It’s economic analysis, not commentary

Every time the statistical authority releases new data there is a surge in economic commentary. Not analysis, but commentary. A thoughtful analysis would usually say that a single new data point doesn’t provide enough information to change anything we thought previously. There’s just too much randomness and error in point estimates to be able to tell much from them. Commentary is different because it creates a narrative and fits the data into that narrative.

A good example is the narrative about double and triple-dips in the UK. Commentators made much of the ONS’ revisions to the GDP series that ‘revised away’ the triple-dip, ‘vindicating Osborne’. The revisions may have eliminated a slight dip in GDP but they didn’t change anyone’s understanding of what had happened in the macroeconomy. That data was important for commentary but not for analysis. In fairness to commentators, distinguishing genuine trends from randomness is not easy. Our eyes are drawn to ‘streaks’, whether in football games or economic time series, even when the series is essentially random. Economists are always looking for techniques to separate the streaks from the randomness. The problem we face is that many of the tools are fairly impenetrable to casual observers and hard to explain.

Edward Tufte has suggested using randomised sparklines to visually distinguish genuine trends from deceptive streaks, so I thought I’d give it a go with the last four years of UK unemployment data. Here is the monthly change in the UK unemployment rate since June 2009: Monthly percentage point change in UK unemployment rate: June 2009-October 2013. We think that a recovery has begun so the recent years’ falling unemployment looks good. Now let’s try randomising the values and see if the ‘streak’ disappears.

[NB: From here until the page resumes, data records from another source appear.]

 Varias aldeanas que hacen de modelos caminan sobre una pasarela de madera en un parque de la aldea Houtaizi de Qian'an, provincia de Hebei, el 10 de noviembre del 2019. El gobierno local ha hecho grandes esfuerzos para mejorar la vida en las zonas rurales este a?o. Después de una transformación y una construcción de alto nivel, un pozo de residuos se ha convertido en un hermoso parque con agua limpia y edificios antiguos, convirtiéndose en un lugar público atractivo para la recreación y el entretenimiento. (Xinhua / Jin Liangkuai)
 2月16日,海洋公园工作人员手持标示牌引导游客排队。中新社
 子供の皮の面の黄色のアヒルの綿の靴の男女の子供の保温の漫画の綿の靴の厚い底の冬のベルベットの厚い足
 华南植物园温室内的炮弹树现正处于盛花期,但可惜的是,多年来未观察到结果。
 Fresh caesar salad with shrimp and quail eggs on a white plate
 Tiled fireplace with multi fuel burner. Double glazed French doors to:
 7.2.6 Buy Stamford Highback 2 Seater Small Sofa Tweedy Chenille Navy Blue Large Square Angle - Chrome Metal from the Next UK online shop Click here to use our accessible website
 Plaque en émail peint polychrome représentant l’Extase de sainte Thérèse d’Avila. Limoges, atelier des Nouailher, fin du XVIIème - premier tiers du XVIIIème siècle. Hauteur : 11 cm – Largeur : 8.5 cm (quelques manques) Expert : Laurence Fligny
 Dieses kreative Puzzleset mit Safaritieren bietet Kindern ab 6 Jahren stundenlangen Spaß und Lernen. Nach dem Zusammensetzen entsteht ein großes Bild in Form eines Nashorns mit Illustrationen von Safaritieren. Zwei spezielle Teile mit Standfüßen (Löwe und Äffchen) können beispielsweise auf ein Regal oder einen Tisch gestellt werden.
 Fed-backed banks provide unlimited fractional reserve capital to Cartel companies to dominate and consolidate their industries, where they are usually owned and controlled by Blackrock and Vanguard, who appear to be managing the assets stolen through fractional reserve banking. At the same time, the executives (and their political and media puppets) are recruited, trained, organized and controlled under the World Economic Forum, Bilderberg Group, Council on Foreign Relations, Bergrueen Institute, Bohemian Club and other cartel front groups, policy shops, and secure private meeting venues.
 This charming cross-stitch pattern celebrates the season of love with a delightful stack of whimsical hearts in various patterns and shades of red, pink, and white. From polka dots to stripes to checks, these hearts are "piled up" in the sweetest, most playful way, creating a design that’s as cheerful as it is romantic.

Here are ten sparklines with shuffled values:Randomly shuffled unemployment data To my eye there is still a lot of streakiness there, which suggests that the current run might be just randomness. Indeed, a more traditional graphic, such as the partial autocorrelation plot, confirms that the data isn’t streaky:Partial autocorrelation function of UK unemployment rate 2009-2013

That doesn’t mean we aren’t seeing a recovery—unemployment tends to lag other indicators and the recovery is recent—but we should be hesitant to causally interpret the latest release. So far, so good, but it’s nothing that any economist couldn’t have told you already. Autocorrelation is already used by most people to gauge ‘streakiness’ far more effectively than the randomised sparklines, so what do they add? When talking to another economist I’m not sure that they are useful. When communicating with people who don’t know their ARs from their MAs they could be extremely helpful in overcoming the narrative bias. The key will be to make them accessible and quick to produce as an explanatory tool since I don’t see them being used in final outputs.

2 replies
  1. Matt Nolan
    Matt Nolan says:

    “A thoughtful analysis would usually say that a single new data point doesn’t provide enough information to change anything we thought previously. There’s just too much randomness and error in point estimates to be able to tell much from them. Commentary is different because it creates a narrative and fits the data into that narrative.”